Чтение онлайн

ЖАНРЫ

И лун медлительных поток...
Шрифт:
1

Вырастали сыновья, уже промышляли зверя с отцом, заигрывали у высоких костров с девушками, как молодые волчата, таскали их в светлые солнечные березняки, на брусничные поляны и ягельники. Апрасинья угадывала их томление, наступающую зрелость и заранее выглядывала невест из доброго, крепкого рода. А у дочерей круглились груди, соком, горячей кровью наливалось тело, и, оглаживая себя, девки удивленно вздыхали.

Апрасинья потихоньку, исподволь откладывала лучшие шкурки, копила пушнину — калым. Дорого стоит женщина из доброго рода.

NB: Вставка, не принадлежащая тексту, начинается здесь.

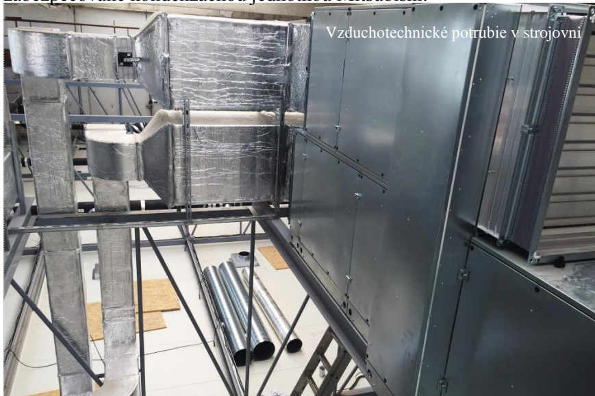
Vzduchotechnické potrubie v strojovni

Naša spoločnosť realizuje vetranie priestorov Eat Happy na Technickej ulici č.7 v Bratislave. Distribúciu vzduchu zabezpečujú tri vzduchotechnické jednotky Hřebec o celkovom objeme vzduchu: 12 000 m 3 /hod. Optimalizovanie teploty privádzaného vzduchu je zabezpečované kondenzačnou jednotkou Mitsubishi.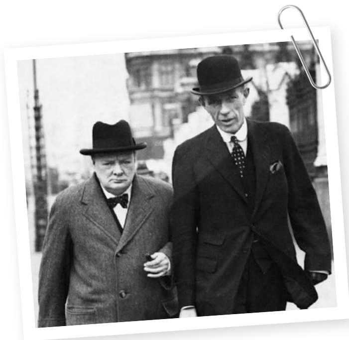
2. Churchill and Halifax

Halifax, jemuž někteří kvůli jeho politickému důvtipu a lstivosti přezdívají „Holy Fox“ (Svatá liška), je vysoce respektovanou personou britské politiky, jež zastávala řadu vysokých funkcí, včetně ministra války a místokrále Indie. Od počátku roku 1938 působí na postu ministra zahraničí, a přestože byl zapletený do Chamberlainovy politiky appeasementu , k mnichovské dohodě se stavěl rezervovaně a byl klíčovou postavou kabinetu při nátlaku na Chamberlaina, aby se neochvějně postavil na stranu Polska. Uhlazený a vzdělaný Halifax, vnímaný pro své aristokratické vystupování jako nositel „vysokých mravních zásad“, je štíhlý a velmi vysoký (196 cm), a je tak o hlavu vyšší než zavalitý Churchill, který měří jen 170 centimetrů. Ani zmrzačená ruka a ráčkování nebyly pro něj v dosavadním životě žádným hendikepem (viz Vyobrazení 2).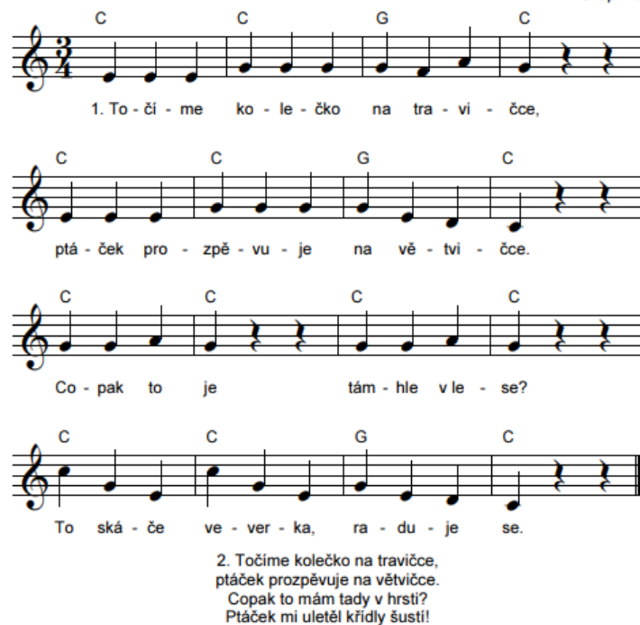
Obrázek 3: Písnička - Točíme kolečko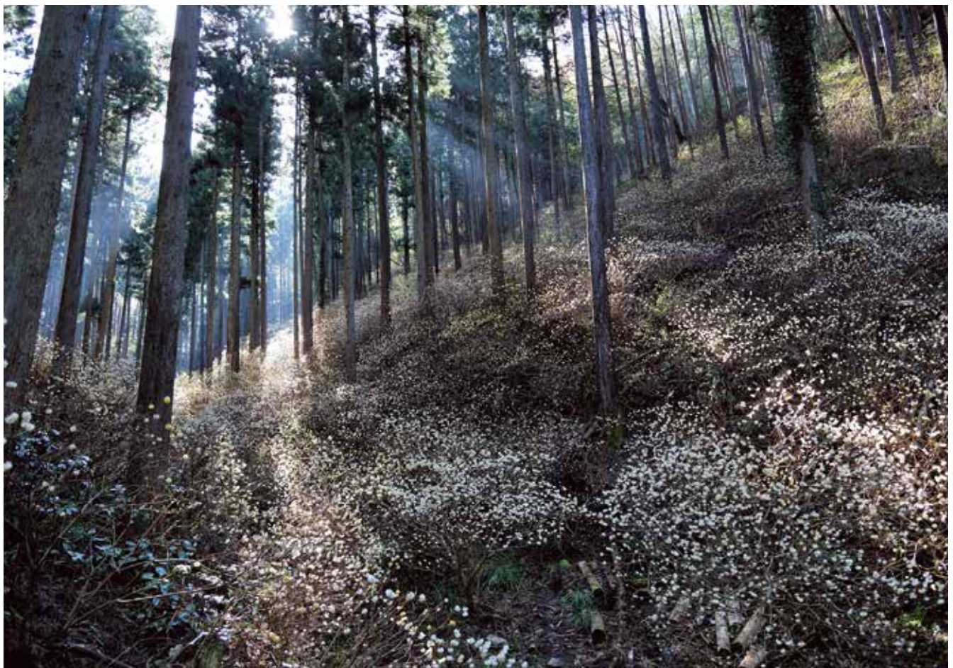
『木漏れ日のミツマタ群生』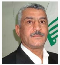
النائب عزيز المياحي

"إن بقاء الموازنة بشكلها الحالي غير المتوازن في توزيع الحقوق وإعطاء الأولوية للمحافظات المنتجة للنقط على حساب باقي المحافظات والانشغال بالمطالب الكردية كل هذه الأمور ستجعلنا نرفض التصويت على الموازنة ما لم يتم إعادة النظر فيها بالشكل الذي يحقق العدالة والمساواة بين جميع المحافظات، إن الموازنة يجب ان تراعي حقوق الشعب العراقي كاملة كونهم متساوون من حيث الحقوق والواجبات".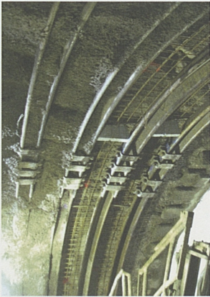
Messa in sicurezza: centine metalliche e calcestruzzo spruzzato.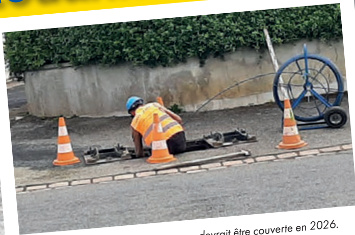
Passage de la fibre. Toute la commune devrait être couverte en 2026.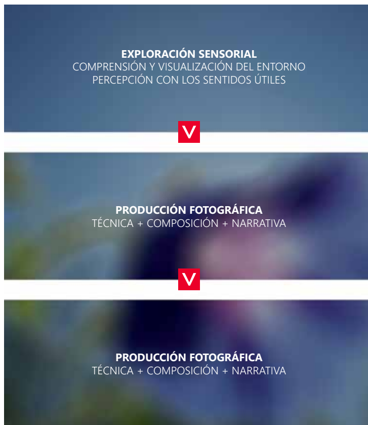
Figura 1. Fases del proceso de creación visual desde la percepción invidente (elaboración propia, 2015).

A partir de esta experiencia, tomando como referencia el trabajo fotográfico realizado en el taller se han distinguido tres fases (figura 1) que representan los pasos más significativos que abarca el proceso de creación fotográfica de personas invidentes: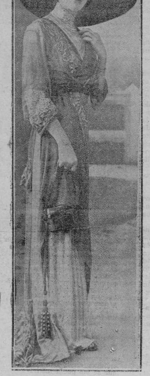
EXPLICACIÓN DEL FIGURÍN

Después de haber tratado de lo que califico ingenuamente estado mayor de la enseñanza: esa colección de inspectores generales, provinciales y regionales, que no tienen escuelas que inspeccionar, porque apenas las hay.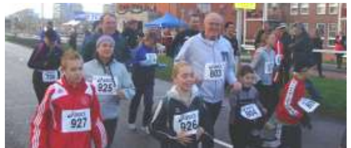
Bovenkerkse Kerstloop 2010.

Op tweede kerstdag laat burgemeester Jan van Zanen het startschot klinken voor de zeventiende kerstloop. Om 11 uur in de ochtend gaan honderden lopers en loopsters vanaf het RODA complex aan de Noorddammerweg hun conditie en snelheid beproeven op een bostraject naar keuze. Er zijn afstanden van 5 en 10 kilometer, terwijl de kinderen op een route van 2,5 kilometer gaan rennen. Het is een goeie traditie dat de sportverenigingen Rodaconditie en Startbaan op een van de Kerstdagen een gezellige en sportieve happening organiseren met veel kerstsfeer en vele leuke prijzen. Vorig jaar moest het evenement helaas vanwege de extreme weersomstandigheden op het laatste moment worden afgelast, maar dit keer wordt met de hulp van veel sponsors weer gewerkt aan een succesvolle recreatieloop. Aan de bewoners van Bovenkerk wordt gevraagd om een beetje rekening te houden met de meute hardlopers. Ter wille van de veiligheid worden delen van de Legmeerdijk en de Vierlingsbeeklaan korte tijd voor autoverkeer afgesloten. Bovenkerk blijft echter bereikbaar via Noorddammerlaan en Noorddammerweg. De organisatie zet vele vrijwilligers in om het verkeer in goede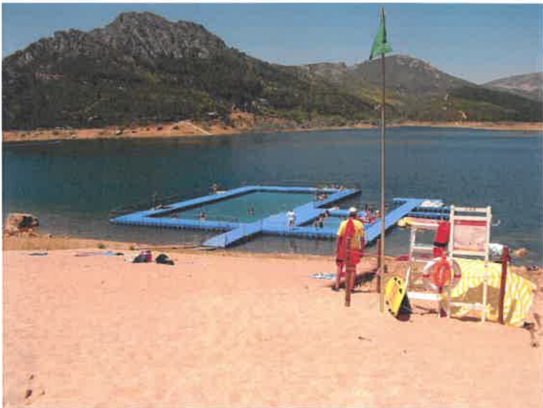
F_01 (Posto de vigla da praia)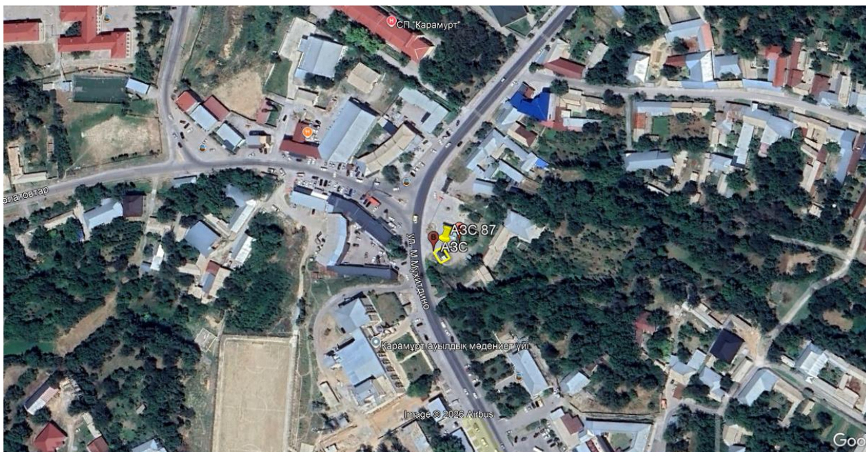
Рис.1. Ситуационная карта-схема проектируемого участка

Рельеф района расположения площадки равнинный, со слабовыраженным местным уклоном, антропогенно измененный. Вся операционная и проезжая территория АГЗС №87 имеет сплошное твердое водонепроницаемое покрытие (асфальтобетон/бетон), изолирующее почвенно-растительный слой и полностью исключаящее риски инфильтрации технологических проливов нефтепродуктов или СУГ в сопредельные грунты и подземные горизонты.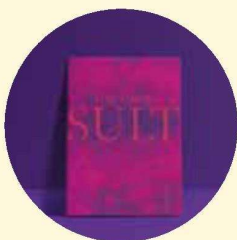
Sult af Tine Høeg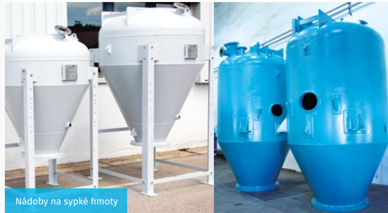
Nádoby na sypké hmoty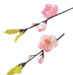
⑮ 飾り花 (100入) 梅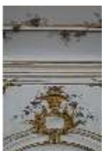
AnsRes.II, Galerie (R. 26), Detail Wanddekoration, DI024096, BSV-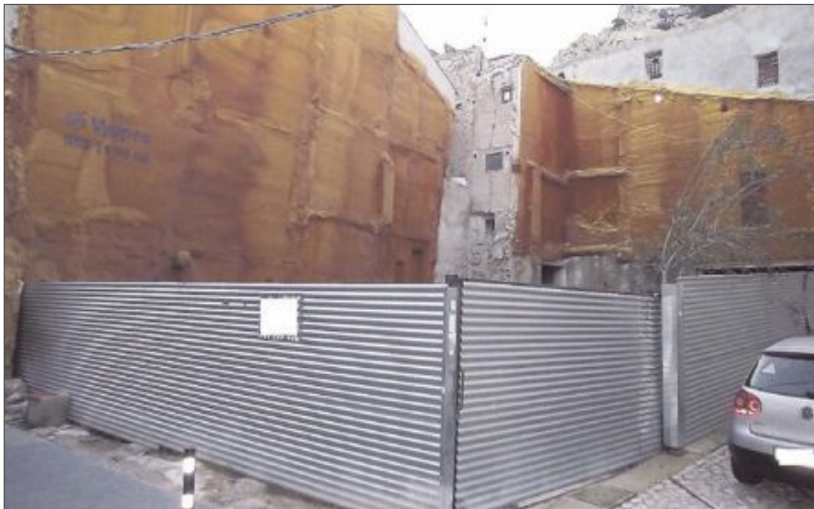
La parcela que se quiere expropiar se encuentra situada en la calle Mayor, a la altura del número 36

El sábado 26 de septiembre se celebró en el Auditorio una gala de variedades a beneficio de la Asociación de Familiares y Amigos de Enfermos de Alzheimer de Castalla y Onil.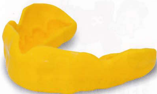
カスタムメイドマウスガード 歯科医院で製作したもの

ヘルメットが頭にピッタリ適合していると、頭をケガなどから守ることができます。お口の中は頭より複雑な形で、さらにかみ合わせも人によって異なっています。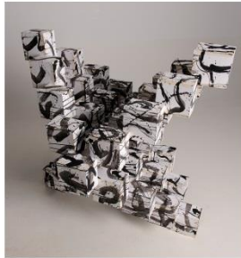
PERIPHERY OF THE IDYLL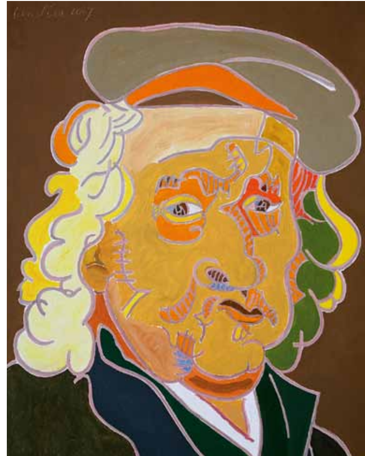
Rembrandt 1669 La Haye huile de Landier 2007 92 x 73 cm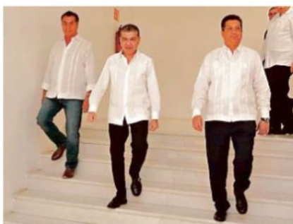
Los Gobernadores de Nuevo León, Jaime Rodríguez; Coahuila, Miguel Ángel Riquelme, y Tamaulipas, Francisco García, tuvieron su segunda reunión para hacer frente al Covid-19.

Todo lo anterior deberá realizarse evitando la especulación de precios y el acopio de bienes esenciales.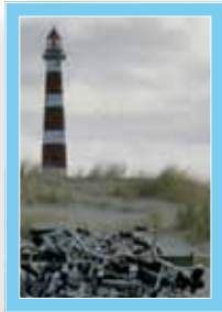
Er weist den Weg ...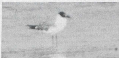
44 Laughing Gull Larus atricilla , Greece, August 1984 (Per Ole Syvertsen).

secondaries. Underparts and tail white. BARE PARTS Bill blackish though basal third blackish-red. Leg blackish.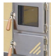
Hebelverschluss Holz hell mit Scharniere Niro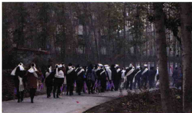
图 1-6 孝子贤孙

zài zhōng guó gǔ dài de wǔ fāng shuō 在中国古代的五方说 zhōng xī fāng wéi bái hǔ xī 中，西方为白虎，西 fāng shì xíng tiān shā shén zhǔ xiāo 方是刑天杀神，主萧 shā zhī qiū gǔ dài cháng zài qiū 杀之秋，古代常在秋 jì zhēng fá bù yì chù sǐ 季征伐不义、处死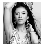
ミスユニバース 2007 森 理世氏

トラックの運転手から、材木屋としてブランドプロデューサーへ転進。デザイン・ファニチャーブランドSIKIなど数多くのライフスタイルショップを展開。海外でも中国初のデザイン・ギャラリーKOOを立ち上げ、中国国内のアート&デザインシーンに衝撃を与える。その活動はドイツの国営TVに取り上げられユーロ全域に発信され、イギリスで最も権威のあるデザイン誌ICON等にも取り上げられる。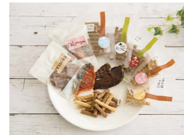
無添加のペットフード ふれあい共同作業所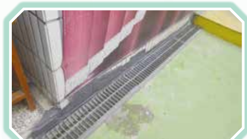
▲地下室外水溝龜裂修護整修照片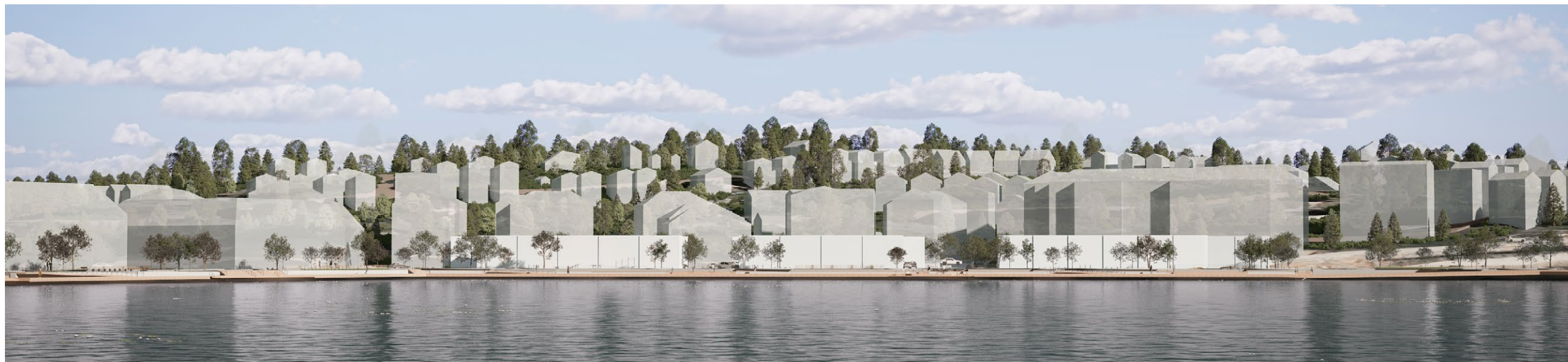
Fig. 13: Visionsbild över Sjöterrassen sedd söderifrån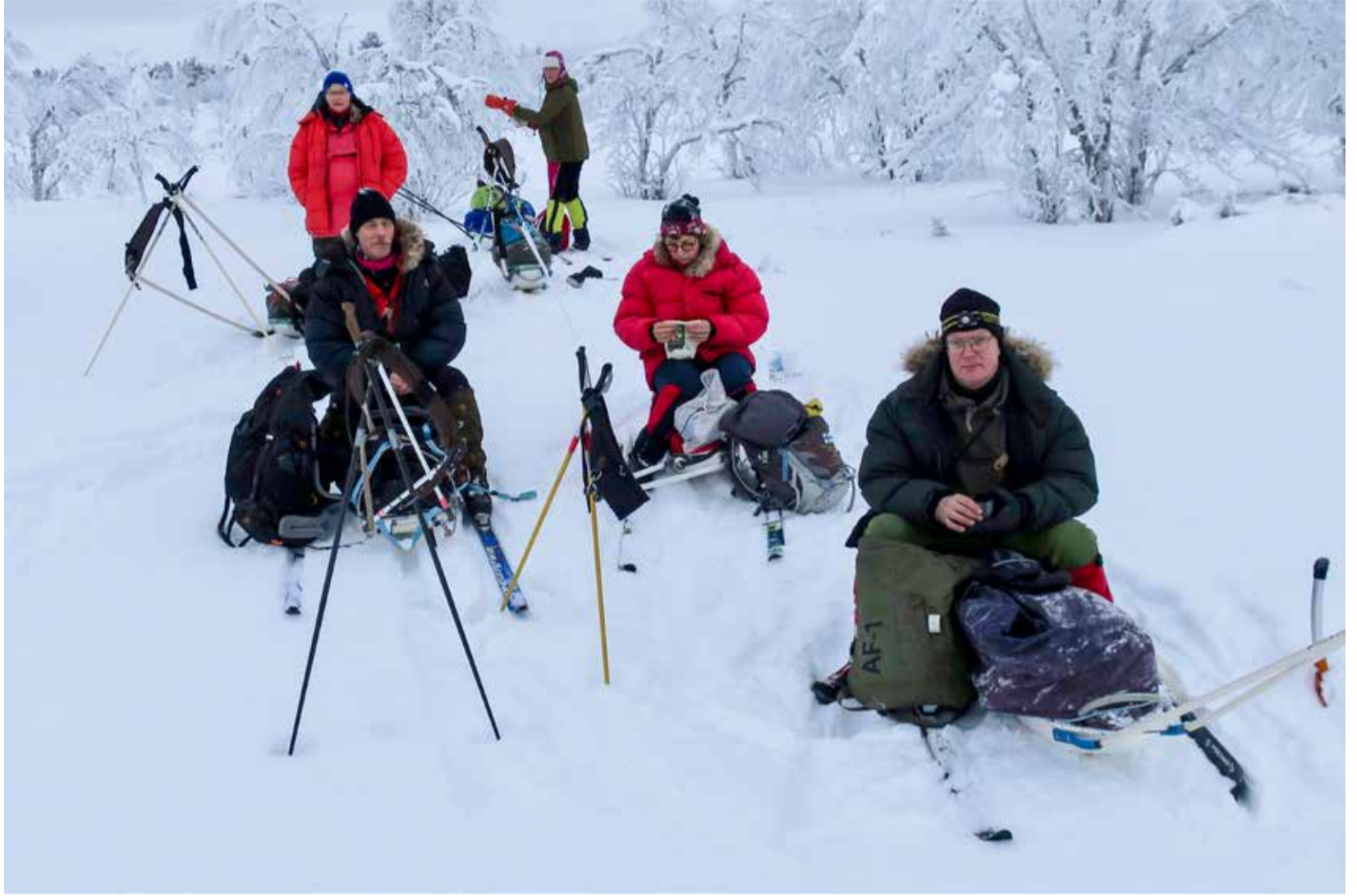
Taukoja pidettiin tunnin välein.

Tuvalle saavuttiin pimeässä kuten muinakin iltoina päivän valon yltäessä noin puoli neljään asti. Aamun hämärissä yhdeksän jälkeen jatkoimme pikku järviä ja soita pitkin kohti Valkamavuomaa, jossa vaihtelun vuoksi saimme teltailla, sillä haviteltu tupa ei ollut tarjolla. Pieni tuuli lepatteli telttaa, mutta pakkasesta käväistä 10-asteen lämpimämmällä puolella.

Дорого за нее платит мужчина, чтобы за тот выкуп-калым взять потом сполна. Конечно, то сама жизнь порешила, что родители стараются продать свою дочь подороже и гордятся, если не продешевили, — это ведь не кобылу с сапом продать или собаку с бельмом. За добрую, здоровую девку и калым добром весит — два-три пуда соболей, белок, или пуд соболей да коня в придачу, или собаку зверовую — соболятницу или медвежатницу. Породистая собака, да с верхним чутьем, дом добром наполняет, и кормит, и поит, и одевает. Недаром же Апрасинья

разводит лаек. Сильны ее собаки, а Мирон умеет натаскивать их по зверю — то в стае, то поодиночке. А Мирону, ой как много сейчас пушнины надо добывать, наверное, несколько возов, наверное, целый амбар, — выросли сыновья, растут наперегонки. В доме появилась одна сноха… другая… третья, уже переженились братья Мирона, рубили свои избы рядом, пристраивали и ставили амбары так, что получилась непрерывная стена, и защищала она дворы от свирепых северо-западных ветров, что срывались с Урала и прокатывались по Конде и Евре. Но загоны для коней и скота оставались общими — не позволил Мирон разлучать скотину, она времени и заботы требует. Круто обращалась со снохами и свояченицами Апрасинья, поднимала их чуть свет, давала пинка засоням, а нерадивым и неторопким, еще сладко причмокивающим в теплой постели, отвешивала оплеухи и затрещины — рука у нее увесистая, жесткая, и дралась она больно, знали об этом не только снохи, но и многие евринские мужики. Белками, взметнув подолы, крутились женщины в доме и во дворе Апрасиньи. Лень-безделье — мать всех пороков-грехов.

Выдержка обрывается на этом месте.